CORRESP 1 filename1.htm

 

 

 

ELLIOTT M. SMITH

Partner

(212) 294-6787

emsmith@winston.com

VIA EMAIL AND EDGAR

 

April 4, 2019

 

Matthew Crispino

Staff Attorney

Office of Information Technologies and Services

Division of Corporation Finance

U.S. Securities and Exchange Commission

100 F Street, N.E.

Washington, D.C. 20549

 

Re:GTY Technology Holdings Inc. - Form S-3 Eligibility

 

Dear Mr. Crispino:

 

On behalf of GTY Technology Holdings Inc. (the “Company”), we are submitting our response to the oral comment received from the staff (the “Staff”) of the Securities and Exchange Commission (the “Commission”) on March 13, 2019 requesting an analysis of the Company’s eligibility to register securities on Form S-3 under the Securities Act of 1933, as amended, and, in particular, whether the Company satisfies the criteria set forth in Instruction I.A.6 for the use of Form S-3.

 

The Company, a Massachusetts corporation formerly known as GTY GovTech Inc., believes that it meets the eligibility requirements of Form S-3 as the successor registrant to GTY Technology Holdings Inc., a Cayman Islands exempted company (“Old GTY”), in accordance with General Instruction I.A.6.(a) to Form S-3.

 

Old GTY was a special purpose acquisition company (“SPAC”) formed in 2016 for the purpose of identifying and consummating a business combination transaction with one or more businesses.  It registered certain of its securities under Section 12(b) of the Securities Exchange Act of 1934, as amended (the “Exchange Act”), in 2016, and Old GTY and the Company (as applicable) filed their periodic and current reports in a timely manner during the 12 calendar months and the portion of the month immediately preceding the filing of the Company’s Registration Statement on Form S-3 (the “Form S-3 Registration Statement”) on February 27, 2019 (and the Company has continued to do so subsequent to such filing).

 

On February 19, 2019, Old GTY effected a holding company reorganization merger (the “Holding Company Reorg”).  The Holding Company Reorg resulted in the Company domesticating from the Cayman Islands to Massachusetts and becoming the parent of, and successor registrant to, its legal predecessor, Old GTY.  Immediately following the effective time of the Holding Company Reorg, the assets and liabilities of the Company were the same as those of Old GTY.  Following the Holding Company Reorg, the Company acquired the target companies (the “Targets”) pursuant to the definitive agreements entered into in connection with the business combination transaction among Old GTY, the Company, and the Targets (the “Business Combination”).   

 

 

 

 

April 4, 2019

Page 2

 

 

General Instruction I.A.6.(a) to Form S-3 provides: “If the registrant is a successor registrant, it shall be deemed to have met conditions 1., 2., 3., and 5., above if . . . its predecessor and it, taken together, do so, provided that the succession was primarily for the purpose of changing the state of incorporation of the predecessor or forming a holding company and that the assets and liabilities of the successor at the time of succession were substantially the same as those of the predecessor.”

 

It has been a longstanding position of the Staff that a SPAC which is eligible to use Form S-3 may continue to do so following the consummation of its business combination despite the fact that its business and operations significantly changed as a result of the business combination.

 

The Company does not believe that the fact that the Business Combination was consummated following the Holding Company Reorg should adversely affect the Company’s Form S-3 eligibility.
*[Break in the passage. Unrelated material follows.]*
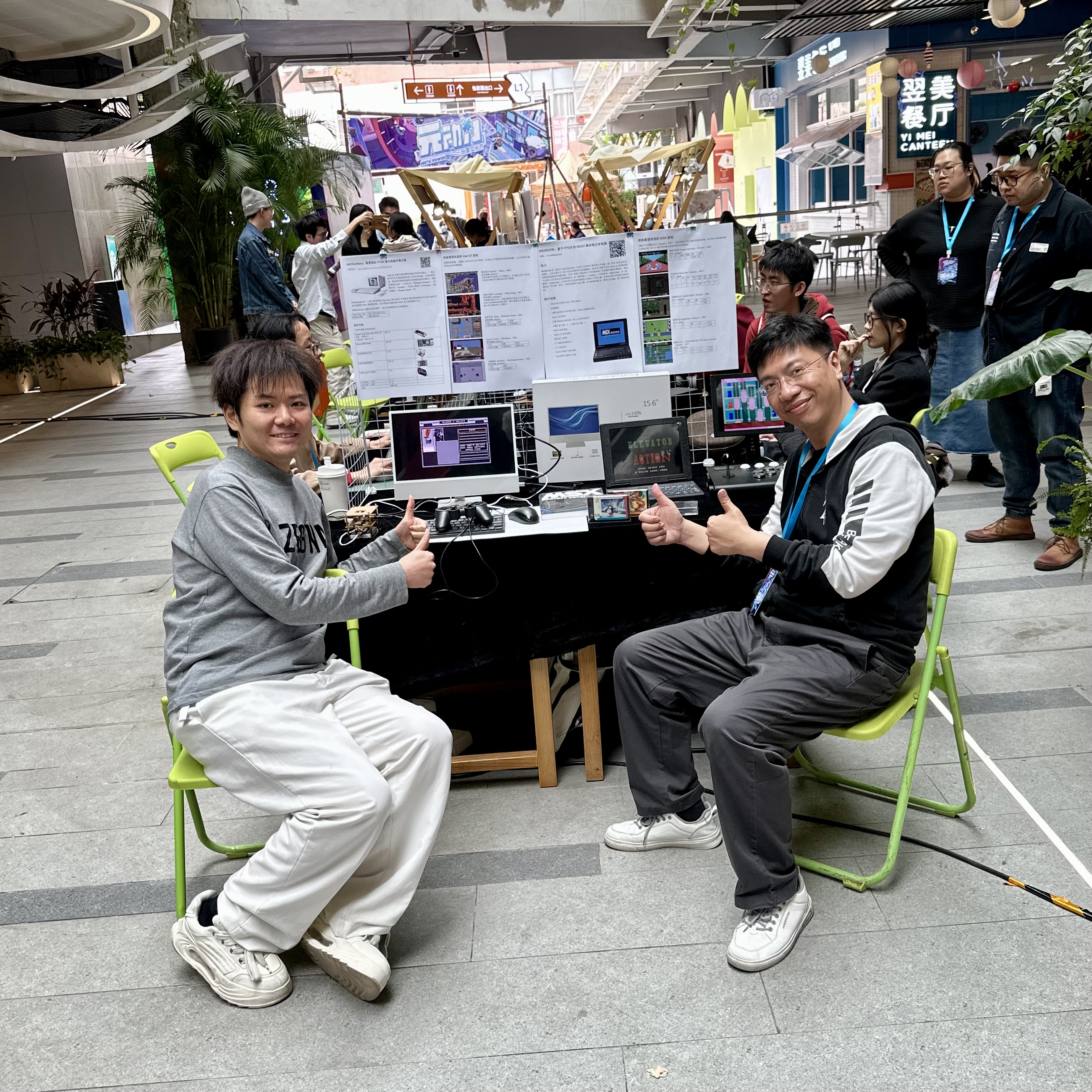 由国内知名复古计算机研究学者蓬岸老师(左)展出的FPGA复古电脑

The Holding Company Reorg was a separate transaction from the Business Combination and was effected pursuant to a separate merger agreement. As noted above, upon the effective time of the Holding Company Reorg merger, the assets and liabilities of the Company were the same as those of Old GTY. That is the appropriate time to test S-3 eligibility, and the Company satisfied the requirements. Although the Holding Company Reorg took place just before the Business Combination, it could have occurred at any time prior to the Business Combination; indeed, some SPACs have domesticated days or months before the closing of their business combinations. Old GTY could have chosen to do that, in which case there would be no question as to the Company’s eligibility to use Form S-3. Accordingly, the Company believes that the Holding Company Reorg should be viewed independently from the acquisitions of the Targets for purposes of determining the Company’s Form S-3 eligibility.

 

Furthermore, from a substantive perspective, the Company notes that it could have chosen to effect the Business Combination by a more typical acquisition structure, such as simply establishing new wholly-owned subsidiaries of the Company and entering into agreements providing for the mergers of the Targets into those newly formed subsidiaries. In that acquisition structure, there would have been no “succession” within the meaning of Rule 12g-3(a) under the Exchange Act, the Old GTY equity securities would have remained registered under the Exchange Act, Old GTY would have retained its reporting history for all purposes and, as a result, Old GTY would have remained eligible to use Form S-3. Although that structure could have accomplished the Business Combination and would not have raised the Form S-3 eligibility issue, it would not have provided the important and valuable tax and other strategic and organizational benefits of the Business Combination as it was ultimately structured. Under both structures, however, (a) the businesses of the Targets (the “Businesses”) to be operated following the Business Combination, on a consolidated basis, would have been identical; (b) the publicly reported information concerning the Businesses and the Business Combination would have been identical; (c) the outcome of the Business Combination from a stockholder ownership perspective would have been identical; and (d) Old GTY would have been the accounting acquirer for U.S. generally accepted accounting principles.

 

 

 

 

April 4, 2019

Page 3

 

 

The Company strongly believes that the form of the Business Combination should not dictate the Company’s eligibility to use Form S-3; not permitting the Company to take into account Old GTY’s reporting history and status for determining the Company’s Form S-3 eligibility would elevate the form of the Business Combination over its substance. To deny Form S-3 eligibility would penalize the Company for structuring the Business Combination in a manner that it believes was in the best interests of the Company and its stockholders. This penalty would deprive the Company of an efficient means to access the capital markets and to effect the various primary and resale registrations contractually required pursuant to the definitive agreements entered into by the Company in connection with the Business Combination. Indeed, the Company not being deemed Form S-3 eligible could seriously and adversely affect its ability to opportunistically access the capital markets, a penalty that should not result from a focus on the form, rather than the substance, of the Business Combination.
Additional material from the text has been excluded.